I recently attended a webinar in which Jacob Bart of Stroock & Stroock & Lavan LLP spoke about how the costs of going “green” can conflict with the provisions in many existing leases. It is common for landlords to “pass through” operating expenses to their tenants, but those expenses are usually limited to non-capital expenditures. However, any changes to make a building more energy efficient or to reduce carbon emissions will likely be capital in nature. Therefore, it is difficult for a landlord to make those green changes because the landlord will not be reimbursed for the cost from the tenants. One way to address this is to allow the landlord to pass through capital expenses if they result in a savings of operating expenses.

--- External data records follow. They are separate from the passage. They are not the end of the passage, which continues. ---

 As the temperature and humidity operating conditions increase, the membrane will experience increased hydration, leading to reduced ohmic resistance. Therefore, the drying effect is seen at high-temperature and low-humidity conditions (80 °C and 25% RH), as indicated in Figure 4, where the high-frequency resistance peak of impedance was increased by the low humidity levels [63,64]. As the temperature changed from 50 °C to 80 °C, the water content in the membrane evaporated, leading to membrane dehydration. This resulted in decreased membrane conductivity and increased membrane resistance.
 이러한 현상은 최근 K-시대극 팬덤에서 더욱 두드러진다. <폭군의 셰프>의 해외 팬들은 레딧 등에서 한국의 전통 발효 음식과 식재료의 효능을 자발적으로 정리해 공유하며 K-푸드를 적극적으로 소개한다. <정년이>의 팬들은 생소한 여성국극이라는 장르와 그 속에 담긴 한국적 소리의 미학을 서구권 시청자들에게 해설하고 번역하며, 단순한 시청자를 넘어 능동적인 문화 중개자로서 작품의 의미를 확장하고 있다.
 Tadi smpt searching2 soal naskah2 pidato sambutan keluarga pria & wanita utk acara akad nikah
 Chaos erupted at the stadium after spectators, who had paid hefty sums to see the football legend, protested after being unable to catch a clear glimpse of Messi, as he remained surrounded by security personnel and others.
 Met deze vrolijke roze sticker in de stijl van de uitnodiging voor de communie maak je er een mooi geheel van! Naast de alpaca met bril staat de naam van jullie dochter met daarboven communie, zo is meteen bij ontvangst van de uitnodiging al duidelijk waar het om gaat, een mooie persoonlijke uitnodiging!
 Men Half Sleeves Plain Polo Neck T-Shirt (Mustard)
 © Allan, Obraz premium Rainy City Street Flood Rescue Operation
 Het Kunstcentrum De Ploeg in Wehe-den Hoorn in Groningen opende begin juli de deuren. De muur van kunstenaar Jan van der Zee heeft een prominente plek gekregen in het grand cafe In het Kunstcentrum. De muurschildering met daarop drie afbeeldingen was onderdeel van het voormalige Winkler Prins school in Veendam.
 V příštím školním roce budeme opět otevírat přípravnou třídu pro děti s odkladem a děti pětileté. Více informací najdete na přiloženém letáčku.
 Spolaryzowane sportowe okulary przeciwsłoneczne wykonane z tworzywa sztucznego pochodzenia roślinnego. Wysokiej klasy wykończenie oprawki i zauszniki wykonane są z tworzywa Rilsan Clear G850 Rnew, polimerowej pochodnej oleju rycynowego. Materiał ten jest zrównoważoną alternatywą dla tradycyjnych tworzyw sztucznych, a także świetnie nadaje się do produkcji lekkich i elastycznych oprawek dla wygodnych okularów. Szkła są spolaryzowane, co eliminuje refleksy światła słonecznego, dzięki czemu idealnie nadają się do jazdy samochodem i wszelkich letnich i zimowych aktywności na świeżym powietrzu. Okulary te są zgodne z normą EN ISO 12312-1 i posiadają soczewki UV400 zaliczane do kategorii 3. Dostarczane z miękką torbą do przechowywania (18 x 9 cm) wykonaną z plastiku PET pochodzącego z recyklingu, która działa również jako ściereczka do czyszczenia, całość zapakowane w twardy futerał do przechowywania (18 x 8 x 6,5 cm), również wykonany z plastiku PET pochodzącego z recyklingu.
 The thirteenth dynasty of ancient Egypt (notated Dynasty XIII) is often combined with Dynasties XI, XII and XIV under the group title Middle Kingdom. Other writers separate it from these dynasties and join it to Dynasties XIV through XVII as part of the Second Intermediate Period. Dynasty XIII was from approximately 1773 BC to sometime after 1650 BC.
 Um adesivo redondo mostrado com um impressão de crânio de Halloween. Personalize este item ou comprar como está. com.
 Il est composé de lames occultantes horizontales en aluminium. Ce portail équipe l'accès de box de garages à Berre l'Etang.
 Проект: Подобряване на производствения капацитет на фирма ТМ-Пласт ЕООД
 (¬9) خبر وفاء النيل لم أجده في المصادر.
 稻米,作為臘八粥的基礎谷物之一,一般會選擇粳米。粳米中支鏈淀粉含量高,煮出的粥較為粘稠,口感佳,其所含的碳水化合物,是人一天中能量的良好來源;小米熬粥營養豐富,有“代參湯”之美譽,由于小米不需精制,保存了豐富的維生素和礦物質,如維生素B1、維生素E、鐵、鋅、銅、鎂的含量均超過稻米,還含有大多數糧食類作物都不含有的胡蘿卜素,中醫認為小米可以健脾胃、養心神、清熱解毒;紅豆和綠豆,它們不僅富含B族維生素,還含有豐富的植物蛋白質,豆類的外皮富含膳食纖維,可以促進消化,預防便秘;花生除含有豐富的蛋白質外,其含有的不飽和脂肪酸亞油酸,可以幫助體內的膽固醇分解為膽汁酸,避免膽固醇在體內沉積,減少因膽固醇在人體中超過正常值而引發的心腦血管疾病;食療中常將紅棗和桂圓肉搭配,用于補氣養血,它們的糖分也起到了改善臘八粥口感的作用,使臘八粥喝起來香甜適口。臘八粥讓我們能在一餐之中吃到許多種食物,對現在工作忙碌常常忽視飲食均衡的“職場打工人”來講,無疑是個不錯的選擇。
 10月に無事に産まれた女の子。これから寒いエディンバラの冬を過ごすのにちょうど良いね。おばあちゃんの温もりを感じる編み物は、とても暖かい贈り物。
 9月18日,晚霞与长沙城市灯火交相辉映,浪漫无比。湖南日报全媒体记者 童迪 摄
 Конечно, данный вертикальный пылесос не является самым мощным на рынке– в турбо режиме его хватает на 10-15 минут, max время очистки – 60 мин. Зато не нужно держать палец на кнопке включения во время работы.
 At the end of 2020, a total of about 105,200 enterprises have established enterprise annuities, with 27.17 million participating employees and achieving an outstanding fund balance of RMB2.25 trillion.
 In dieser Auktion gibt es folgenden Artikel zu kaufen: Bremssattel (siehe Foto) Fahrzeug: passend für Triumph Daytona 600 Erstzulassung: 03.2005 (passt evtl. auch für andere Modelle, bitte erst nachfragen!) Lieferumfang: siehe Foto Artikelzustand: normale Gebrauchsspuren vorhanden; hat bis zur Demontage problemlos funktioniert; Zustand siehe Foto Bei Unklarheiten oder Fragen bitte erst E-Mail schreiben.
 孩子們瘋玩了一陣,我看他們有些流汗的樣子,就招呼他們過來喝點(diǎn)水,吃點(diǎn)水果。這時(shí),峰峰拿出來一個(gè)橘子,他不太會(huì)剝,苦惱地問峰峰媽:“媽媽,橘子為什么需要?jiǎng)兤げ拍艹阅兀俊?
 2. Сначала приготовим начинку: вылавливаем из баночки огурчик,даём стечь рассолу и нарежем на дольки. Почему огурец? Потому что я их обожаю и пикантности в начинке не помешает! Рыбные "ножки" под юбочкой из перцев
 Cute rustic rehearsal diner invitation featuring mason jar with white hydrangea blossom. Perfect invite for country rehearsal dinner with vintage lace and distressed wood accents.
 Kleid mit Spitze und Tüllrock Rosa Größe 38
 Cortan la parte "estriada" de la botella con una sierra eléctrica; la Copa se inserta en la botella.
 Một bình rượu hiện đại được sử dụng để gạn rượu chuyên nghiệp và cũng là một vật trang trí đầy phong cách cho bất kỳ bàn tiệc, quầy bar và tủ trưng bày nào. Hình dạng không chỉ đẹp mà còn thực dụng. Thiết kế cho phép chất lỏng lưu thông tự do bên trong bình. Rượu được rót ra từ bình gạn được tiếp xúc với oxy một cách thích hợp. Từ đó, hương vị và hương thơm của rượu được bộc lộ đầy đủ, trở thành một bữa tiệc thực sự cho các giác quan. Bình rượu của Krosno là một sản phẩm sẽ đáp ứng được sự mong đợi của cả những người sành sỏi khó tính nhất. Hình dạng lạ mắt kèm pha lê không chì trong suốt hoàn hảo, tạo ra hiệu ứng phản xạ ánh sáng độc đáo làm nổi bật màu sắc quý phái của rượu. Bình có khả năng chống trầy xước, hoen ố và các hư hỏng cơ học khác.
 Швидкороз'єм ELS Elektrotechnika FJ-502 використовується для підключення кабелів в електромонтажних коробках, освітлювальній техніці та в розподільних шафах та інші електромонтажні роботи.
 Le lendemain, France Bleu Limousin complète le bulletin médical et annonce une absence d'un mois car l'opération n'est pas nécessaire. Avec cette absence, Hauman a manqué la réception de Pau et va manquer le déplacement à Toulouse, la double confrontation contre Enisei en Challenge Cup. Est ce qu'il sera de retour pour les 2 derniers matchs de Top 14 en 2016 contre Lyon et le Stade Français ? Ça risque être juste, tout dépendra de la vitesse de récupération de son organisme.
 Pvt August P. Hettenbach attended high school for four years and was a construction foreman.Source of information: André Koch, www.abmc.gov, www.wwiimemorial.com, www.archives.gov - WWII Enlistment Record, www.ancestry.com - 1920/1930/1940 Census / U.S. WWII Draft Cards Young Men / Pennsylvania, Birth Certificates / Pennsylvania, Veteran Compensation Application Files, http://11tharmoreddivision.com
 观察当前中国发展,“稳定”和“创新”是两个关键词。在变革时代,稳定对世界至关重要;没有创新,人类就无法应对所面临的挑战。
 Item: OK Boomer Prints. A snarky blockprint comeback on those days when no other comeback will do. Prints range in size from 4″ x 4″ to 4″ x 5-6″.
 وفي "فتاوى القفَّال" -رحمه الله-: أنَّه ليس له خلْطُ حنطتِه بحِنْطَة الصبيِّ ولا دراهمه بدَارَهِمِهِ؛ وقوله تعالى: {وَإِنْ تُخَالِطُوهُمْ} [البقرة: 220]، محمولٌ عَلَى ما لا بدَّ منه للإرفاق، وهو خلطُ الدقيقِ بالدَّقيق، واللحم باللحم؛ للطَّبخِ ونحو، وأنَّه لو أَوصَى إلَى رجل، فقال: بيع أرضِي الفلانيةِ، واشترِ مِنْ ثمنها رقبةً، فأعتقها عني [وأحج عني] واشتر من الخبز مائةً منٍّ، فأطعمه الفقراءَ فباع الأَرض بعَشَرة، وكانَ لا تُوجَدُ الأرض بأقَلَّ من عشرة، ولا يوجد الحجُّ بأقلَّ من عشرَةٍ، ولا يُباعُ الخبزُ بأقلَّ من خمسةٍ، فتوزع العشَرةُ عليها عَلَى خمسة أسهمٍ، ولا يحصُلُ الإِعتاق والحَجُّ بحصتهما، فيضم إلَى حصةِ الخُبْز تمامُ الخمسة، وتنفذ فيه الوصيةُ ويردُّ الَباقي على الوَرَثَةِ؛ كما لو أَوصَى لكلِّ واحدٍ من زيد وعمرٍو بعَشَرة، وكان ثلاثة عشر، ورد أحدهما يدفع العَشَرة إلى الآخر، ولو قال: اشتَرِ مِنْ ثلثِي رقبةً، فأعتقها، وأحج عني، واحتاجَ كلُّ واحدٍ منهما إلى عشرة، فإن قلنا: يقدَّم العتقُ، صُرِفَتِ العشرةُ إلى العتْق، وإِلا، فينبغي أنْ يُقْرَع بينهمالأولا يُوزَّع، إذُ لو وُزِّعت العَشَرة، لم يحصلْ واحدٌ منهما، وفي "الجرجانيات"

But what if the new equipment is better for the environment, but won’t save much money? I recently had a chance to speak with Lee Johnson and Michael Noyes from the Greenwood Village office of the accounting firm Clifton Gunderson LLP about a tax deduction for energy saving improvements in commercial buildings under Section 179D of the Internal Revenue Code. This may provide an incentive for Landlord’s to make cost-saving capital improvements even if the landlord cannot pass them through to its tenants.
As tenants desire green buildings, not only for cost savings, but also for prestige and marketing purposes, it will be interesting to see if there are changes in the traditional allocation in leases of capital and operating costs between landlord and tenant.